[Records contained in a dataset]
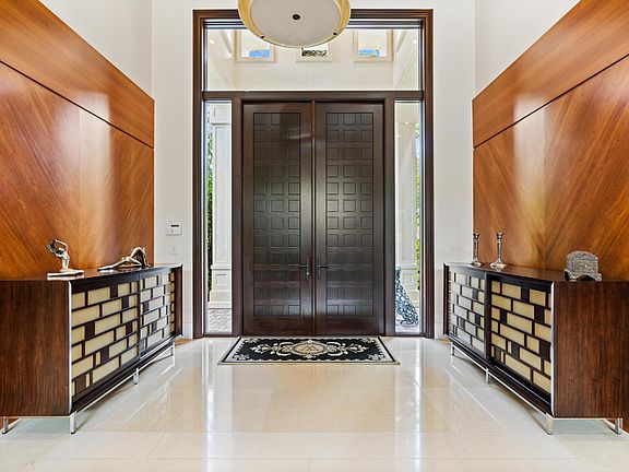Inside, the home is modern, spacious, and bathed in natural light, thanks to oversized impact-resistant sliding glass doors and windows. Custom ceiling details combine finely crafted level 5 drywall coffers with rich maple and mahogany beams. The millwork is of the highest quality, and additional spaces include a study, gym, custom fireplace, wine room, and home theater with upgraded electronics.
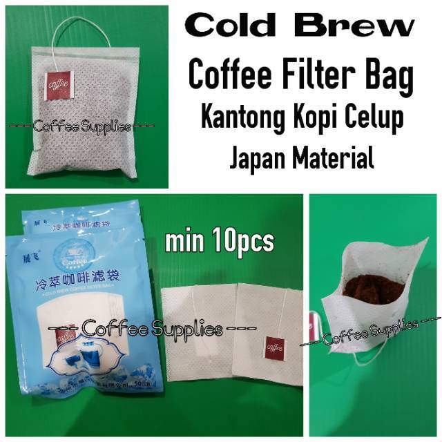 COLD BREW COFFEE FILTER BAGPREMIUM FOOD GRADE PAPER - JAPAN MATERIALBisa untuk sesuh panas dan dinginHarga Tercantum untuk 1pcsMinimal pembelian 10pcsDimensi: 7.5cm x 9cmPanjang Tali: +/- 15cmKapasitas : 15g-20g- kantong bisa untuk seduh dingin dan panas- tidak sobek di rendam air dalam jangka waktu panjang- paper tahan panas sampai 150 degrees Celcius- tidak berbau , non toxic, tidak mengandung zat berba
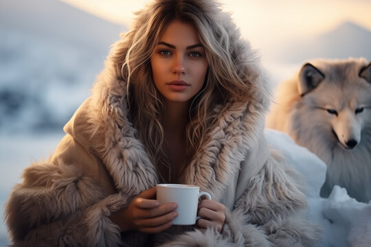 A beautiful blonde girl in a fur coat holds a cup of coffee or tea in her hands, the head of a husky dog ​​is visible behind the girl, on a blurred winter background
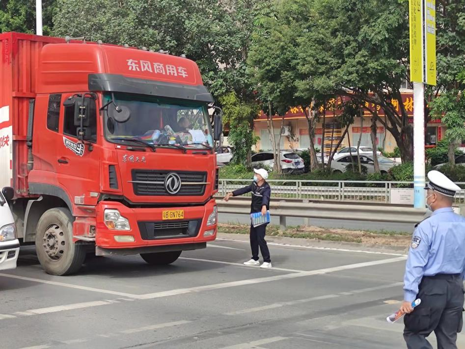 为全方位普及“右转必停”和“斑马线停车礼让”交通安全新规,坪山交警联合各街道通过发放提示贴进企业和上路口宣传的形式,全力推进大型车辆右转弯停车礼让工作,让每一位大型车辆驾驶员了解新规,提升行车安全意识。
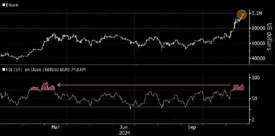Miller Tabak + Co首席市场策略师Matt Maley表示,投资者担心,比特币已经基本测试了10万美元的水平,将不得不稍事休息;并补充说,围绕比特币的看涨情绪正变得极端。特朗普即将上任的美国政府被视为有利于加密货币。自11月5日共和党获胜以来,数位资产市场的整体价值增加了约1万亿美元。
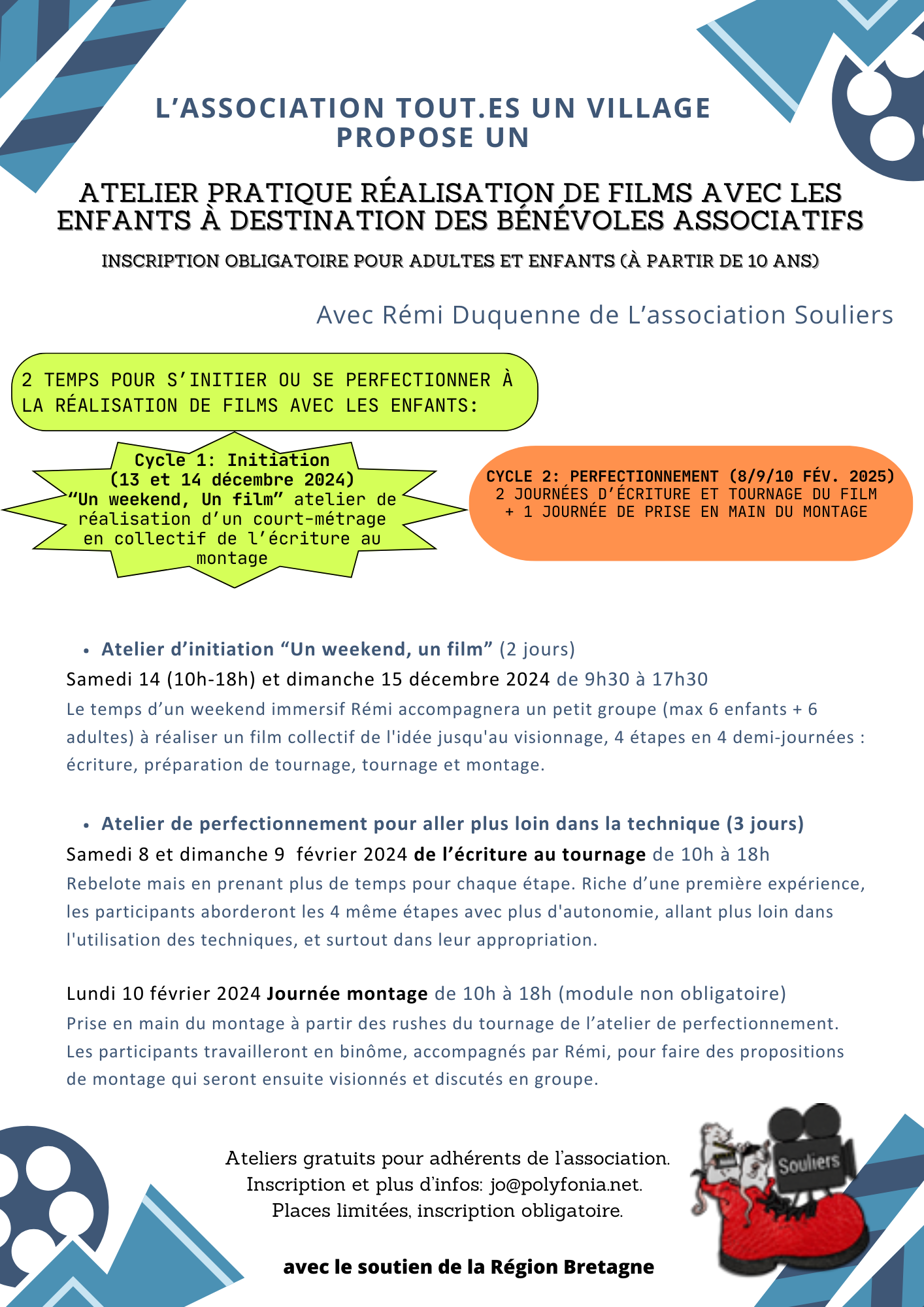 Dans le cadre de son projet associatif de café des enfants, l’association Tout.es un village organise pour la seconde année un atelier "Faire des films avec des enfants" avec Rémi Duquenne de l’Association Soulier. L’atelier s’adresse aux bénévoles associatifs ayant une première expérience cinéma ou envie d’expérimentation et qui souhaitent développer leur pratique avec des enfants. Il s’agit d’un atelier pratique en groupe mixte adultes-enfants et il est possible de s’inscrire avec son enfant (à partir de 10 ans).

--- EXERCISE OBJECTIVE ---
Exact copy, no pictures: please print the data above once more.

--- ANSWER TO THIS EXERCISE ---
Inside, the home is modern, spacious, and bathed in natural light, thanks to oversized impact-resistant sliding glass doors and windows. Custom ceiling details combine finely crafted level 5 drywall coffers with rich maple and mahogany beams. The millwork is of the highest quality, and additional spaces include a study, gym, custom fireplace, wine room, and home theater with upgraded electronics.
 COLD BREW COFFEE FILTER BAGPREMIUM FOOD GRADE PAPER - JAPAN MATERIALBisa untuk sesuh panas dan dinginHarga Tercantum untuk 1pcsMinimal pembelian 10pcsDimensi: 7.5cm x 9cmPanjang Tali: +/- 15cmKapasitas : 15g-20g- kantong bisa untuk seduh dingin dan panas- tidak sobek di rendam air dalam jangka waktu panjang- paper tahan panas sampai 150 degrees Celcius- tidak berbau , non toxic, tidak mengandung zat berba
 A beautiful blonde girl in a fur coat holds a cup of coffee or tea in her hands, the head of a husky dog ​​is visible behind the girl, on a blurred winter background
 为全方位普及“右转必停”和“斑马线停车礼让”交通安全新规,坪山交警联合各街道通过发放提示贴进企业和上路口宣传的形式,全力推进大型车辆右转弯停车礼让工作,让每一位大型车辆驾驶员了解新规,提升行车安全意识。
Miller Tabak + Co首席市场策略师Matt Maley表示,投资者担心,比特币已经基本测试了10万美元的水平,将不得不稍事休息;并补充说,围绕比特币的看涨情绪正变得极端。特朗普即将上任的美国政府被视为有利于加密货币。自11月5日共和党获胜以来,数位资产市场的整体价值增加了约1万亿美元。
 Dans le cadre de son projet associatif de café des enfants, l’association Tout.es un village organise pour la seconde année un atelier "Faire des films avec des enfants" avec Rémi Duquenne de l’Association Soulier. L’atelier s’adresse aux bénévoles associatifs ayant une première expérience cinéma ou envie d’expérimentation et qui souhaitent développer leur pratique avec des enfants. Il s’agit d’un atelier pratique en groupe mixte adultes-enfants et il est possible de s’inscrire avec son enfant (à partir de 10 ans).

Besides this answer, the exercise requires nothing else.